Ekolojik Ayak İzi Nedir?

Doğanın sunduğu ekolojik hizmetlerden bugünkü düzeyde yararlanabilmemiz için, dünyanın kendini yenileme kapasitesinin 1,5 katına ihtiyaç duymaktayız. Ağaçları olgunlaşmadan keserek, denizlerin üretebildiğinden daha fazla balık tükettiğimiz ve atmosfere, ormanlarla okyanusların tutabileceğinden daha fazla karbon salarak limit aşımıyla varlığımızı sürdürmemiz mümkün.

2050 yılında dünyada yaşayan insan sayısının 9,6 milyara çıkacağı tahmin edilirse ekoloji ve çevresel kaynakların tüketimi konuları milyonlarca insan için hayati önem taşımakta. Ekolojik Ayak İzi, insanların talep ettiği ekolojik hizmetlerin sağlanması için birbiriyle rekabet içinde olan alanları toplar. Tarımsal üretim, otlatma, yapılaşma, balıkçılık ve orman ürünleri üretimi için gereken biyolojik olarak üretken bütün alanlar (biyolojik kapasite) bu hesaba dahildir.  

Ekolojik ayak izini ölçerken insanlığın talep ettiği bölümde bitki tabanlı besinler, lifli gıdalar, büyük ve küçükbaş hayvanlar, deniz ürünleri, kereste gibi orman ürünleri, yapılaşma gibi unsurlar bulunuyor. Bunlara ayrıca ormanların fosil yakıtlardan gelen karbon salınımını ne kadar absorbe ettiği de ekleniyor. Bütün bunlar insanların dünyadan talep ettiği kaynaklar. Bu kaynakları tüketirken yaşam döngüsünün sağlanması için de dünyaya katkı sağlamamız gerekiyor. Bunu yaparken de biyolojik olarak toprağa, havaya ve suya katkı sağlayacak çalışmalar yapılması önemli. Bunların hepsi de ekolojik ayak izine dahil ediliyor.

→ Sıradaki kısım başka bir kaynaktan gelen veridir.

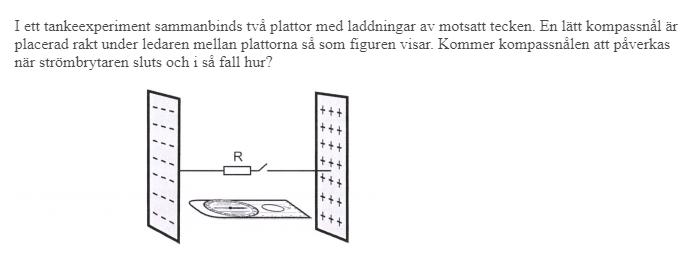 När strömbrytaren sluts kommer en ström att ta sig fr. plus t. minus alltså till vänster. Mha högerhands regeln vet vi att det elektriska fältet rör sig moturs kring ledaren. Kompassnålen kommer påverkas av detta och ge flytta sig en bit till vänster och sedan tillbaka till ursprungs positionen. (Moturs)

Ekolojik ayak izi kısaca belirli bir nüfusun doğaya yükünü hesaplamak amacıyla oluşmuş bir yöntemdir. Dünyada üretim yapılabilen alanları, dünyada yaşayan nüfusa oranladığımızda ortaya çıkan değer, bir insanın barınmasını, beslenmesini, ısınmasını sağlayan ve oluşan atıkları etkisiz hale getiren kara ve deniz alanlarıdır yani bir kişinin ortalama ekolojik ayak izidir.

Nüfus artışı, toprağın bozulması, git gide artan enerji maliyetleri, içilebilir tatlı suyun azalması gibi sebepler biyolojik kapasitenin her geçen gün azalmasına sebep oluyor. 1961’de toplam ayak izinin karbon salınımı ayağı %36 iken 2010 yılında bu oran %53’e kadar çıkmış durumda. Fosil yakıtların yanması ile açığa çıkan karbon, ekolojik ayak izinin en büyük bileşenlerinden birini oluşturuyor. Her geçen gün artan endüstri ve motorlu taşıtların fazlalaşması ile de bu oran giderek artıyor ve gezegenimize daha büyük çapta  zarar vermeye devam ediyor. 

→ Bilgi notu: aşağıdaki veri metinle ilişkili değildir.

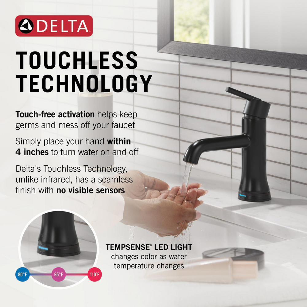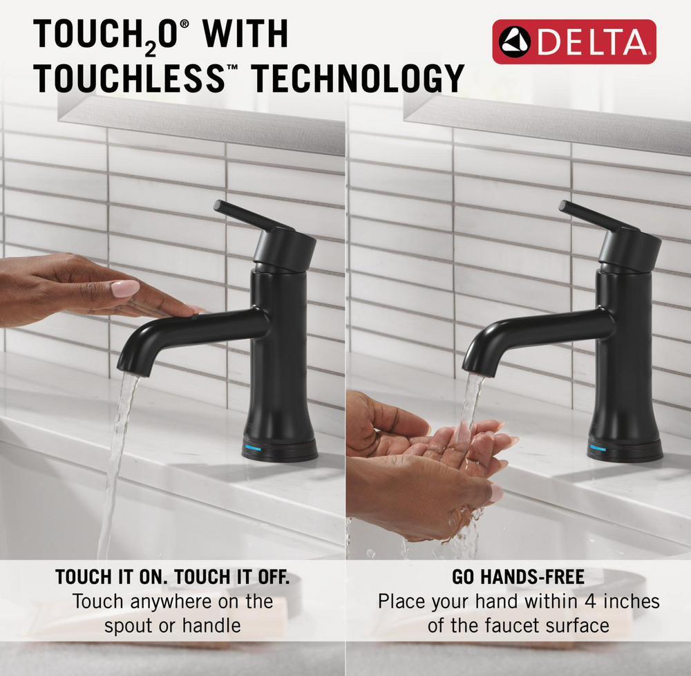 Inspired by the sleek elegance of modern European design, the Trinsic Bath Collection completes the look of any contemporary bath, from classic to rustic. Touch it on. Touch it off. Or go completely hands-free. Delta Touch2O with Touchless Technology helps keep your bathroom clean by giving you three ways to operate your faucet: manually with the handle, with a simple touch anywhere on the spout or handle, or by placing your hands near the faucet. The high-tech capacitance sensing capabilities of Touchless faucets allow the flow of water to be activated by breaking the capacitance field anywhere around the device, unlike traditional hands-free infrared sensors which require your hands be in a particular place and are sensitive to lighting conditions and clothing and skin color. You can install with confidence, knowing that Delta faucets are backed by our Lifetime Limited Warranty.

Karbon salımı, doğal kaynakların tüketilmesi ve yerine konulmaması sonucunda artarak dünyanın biyoçeşitliliğine ve doğrudan dünyadaki yaşama zarar veriyor. Karbon salımı, orman alanlarının kereste için kullanılması ve tarım arazisi açmak için yok edilmesi, yasak avlanma, denizlerin kapasitesinden fazla balık avı ve artan sanayi sebebi ile açığa çıkan karbon ile artıyor. Dünya nüfusunun 2050’de 9,6 milyara, 2100’de ise 11 milyara ulaşmasıyla kişi başına düşecek biyolojik kapasite miktarı daha da azalacaktır.

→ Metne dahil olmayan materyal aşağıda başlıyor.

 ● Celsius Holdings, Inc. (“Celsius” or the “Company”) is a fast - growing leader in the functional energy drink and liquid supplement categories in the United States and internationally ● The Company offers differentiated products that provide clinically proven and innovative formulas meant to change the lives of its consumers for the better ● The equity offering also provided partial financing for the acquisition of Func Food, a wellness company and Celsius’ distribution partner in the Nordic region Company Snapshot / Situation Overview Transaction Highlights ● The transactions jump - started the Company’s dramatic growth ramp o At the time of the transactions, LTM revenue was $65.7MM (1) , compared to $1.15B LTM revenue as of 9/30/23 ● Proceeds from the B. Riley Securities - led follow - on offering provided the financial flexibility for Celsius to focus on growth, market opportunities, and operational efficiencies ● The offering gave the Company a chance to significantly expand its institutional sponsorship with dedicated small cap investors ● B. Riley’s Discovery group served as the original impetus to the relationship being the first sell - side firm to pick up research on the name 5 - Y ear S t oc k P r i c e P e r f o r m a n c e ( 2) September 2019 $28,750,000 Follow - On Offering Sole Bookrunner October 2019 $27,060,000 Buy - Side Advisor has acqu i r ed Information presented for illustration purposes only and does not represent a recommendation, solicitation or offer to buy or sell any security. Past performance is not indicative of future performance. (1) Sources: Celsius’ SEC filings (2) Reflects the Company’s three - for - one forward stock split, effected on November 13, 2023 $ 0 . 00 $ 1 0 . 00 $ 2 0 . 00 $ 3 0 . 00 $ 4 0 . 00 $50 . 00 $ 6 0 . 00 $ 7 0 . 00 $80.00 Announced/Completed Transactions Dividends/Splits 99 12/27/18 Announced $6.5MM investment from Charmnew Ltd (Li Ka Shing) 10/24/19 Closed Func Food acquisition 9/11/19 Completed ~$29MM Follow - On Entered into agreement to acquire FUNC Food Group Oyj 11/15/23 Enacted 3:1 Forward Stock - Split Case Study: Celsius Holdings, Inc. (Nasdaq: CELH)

Küçük bir hatırlatma yapmak gerekirse yenilenebilir enerji kaynaklarını kullanmak karbon salınımını düşürecektir. Bireysel olarak da bazı küçük önlemler alarak karbon ayak izi küçültülebilir. Buna gereksiz ışıkları kapatmakla başlayabilirsiniz. Küçükte olsa bir adım atmak kollektif bir bilince ulaşıldığında kocaman bir adıma dönüşebilir.